1)
... more from the #ESCCongress2021 from the @GoggleDocs #Takeover of the @cardiomet_CE
Next up the EMPEROR-Pooled analysis and some of the questions it asks
How does empagliflozin compare with ARNI (sacubitral/valsartan
2)
EMPEROR-Pooled was a prespecified analysis of the two 'sister' studies
EMPEROR-Reduced Trial
nejm.org/doi/full/10.10…
and
EMPEROR-Preserved Trial
nejm.org/doi/full/10.10…
With very similar #HeartFailure populations, separated by an ejection fraction cut off of 40%
3)
As you can see
📍Very similar results in terms of the primary and secondary #HeartFailure outcomes.

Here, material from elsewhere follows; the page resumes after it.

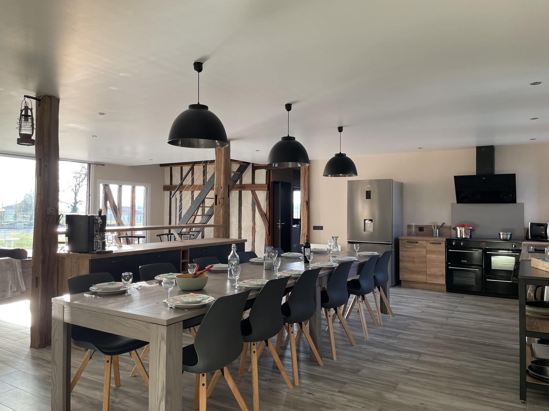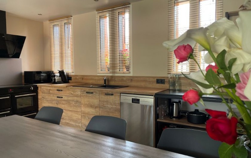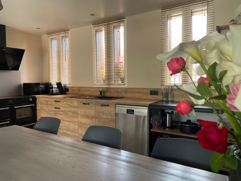 Une cuisine comme chez les pro. : piano de cuisson, billot de cuisine, batterie de cuisine, lave-vaisselle, services à raclette, 3 machines à café : 1 Senseo , 1 Nespresso et 1 traditionnelle, 2 bouilloires, …

‼️ Although clear attenuation of benefit seen in pople with higher ejection fractions (EF)
4)
‼️Benefits in terms of the risk of hospitalisation for heart failure appear to be consistent below an EF of 65%
⚠️Currently this drug is only licensed if EF <40%
🤞This will change soon, as many people with #HeartFailure have an EF 40-65% (elderly & #type2diabetes)
5)
How does this attenuation of benefits compare in other #HeartFailure studies?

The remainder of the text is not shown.